Platform Engineering in 2026: Internal Developer Platforms, Backstage, and the Golden Path

There's a pattern that repeats across every organization that scales past 50 engineers: infrastructure becomes a full-time job for product developers. Kubernetes YAML sprawls across repositories. Every team builds their own deployment pipeline. New engineers spend their first month asking "where do I find the runbook for X?" instead of writing features.

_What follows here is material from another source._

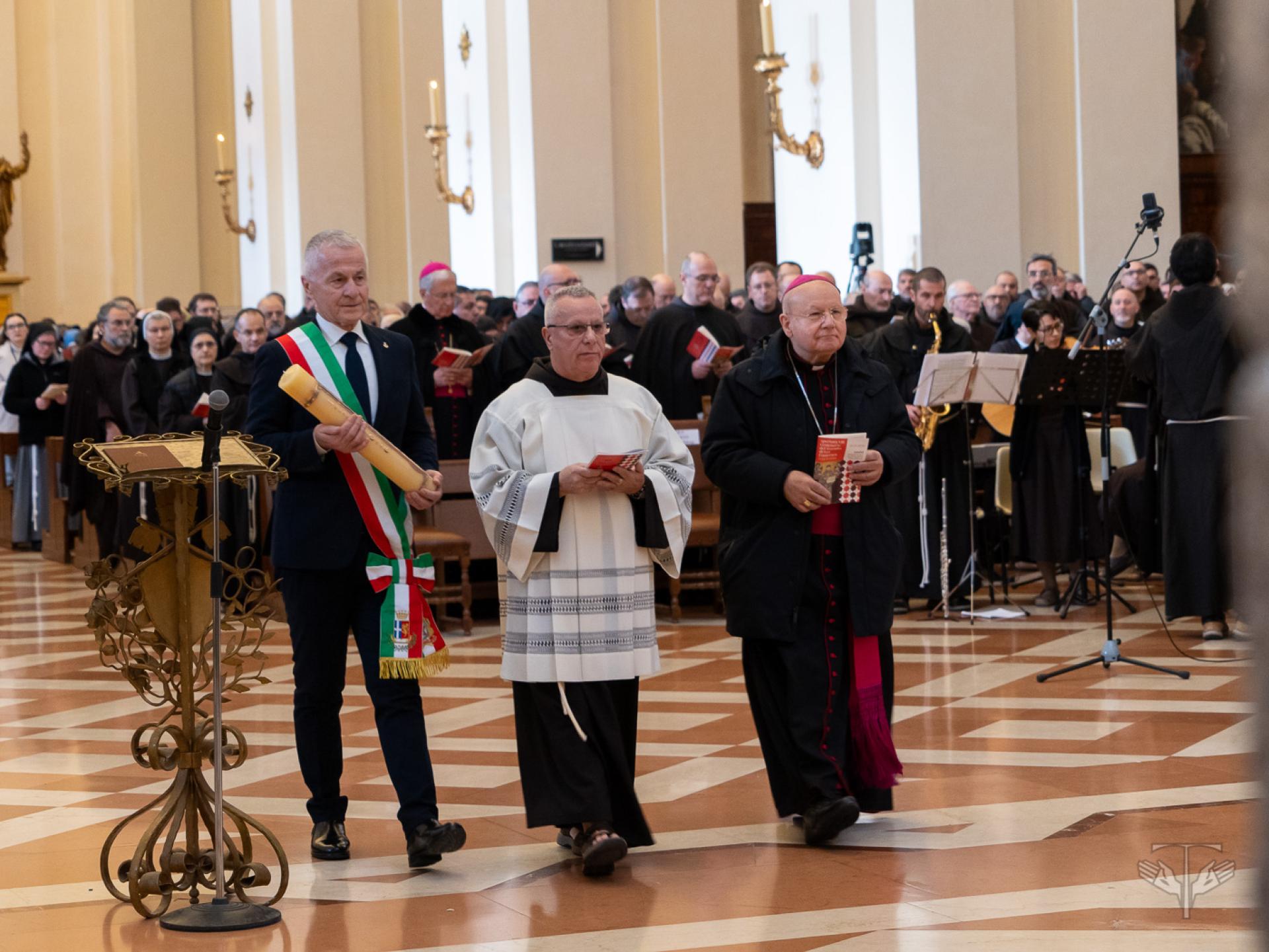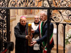 Obred otvaranja počeo je gestom zamišljenom kao simbolički i duhovni most između 800. obljetnice skladanja Pjesme stvorova (2025.) i obljetnice preminuća (2026.). Prisjećajući se posljednjih dviju strofa Pjesme, koje su posvećene pomirenju i sestri tjelesnoj smrti, u spomen na pomirenje između biskupa i gradonačelnika Asiza, biskup Asiza-Nocera Umbra-Gualdo Tadino i Foligna mons. Domenico Sorrentino i gradonačelnik Asiza Valter Stoppini ušli su u baziliku noseći neupaljenu svijeću, znak čovječanstva obilježenog sukobom i krhkošću.

Platform engineering is the discipline that solves this. It treats the developer experience as a product — building internal tools, golden paths, and self-service infrastructure so that application developers can deploy, monitor, and operate their services without becoming Kubernetes experts. In 2026, platform engineering has moved from Google/Netflix-scale concern to the standard approach for any organization running more than 10 microservices.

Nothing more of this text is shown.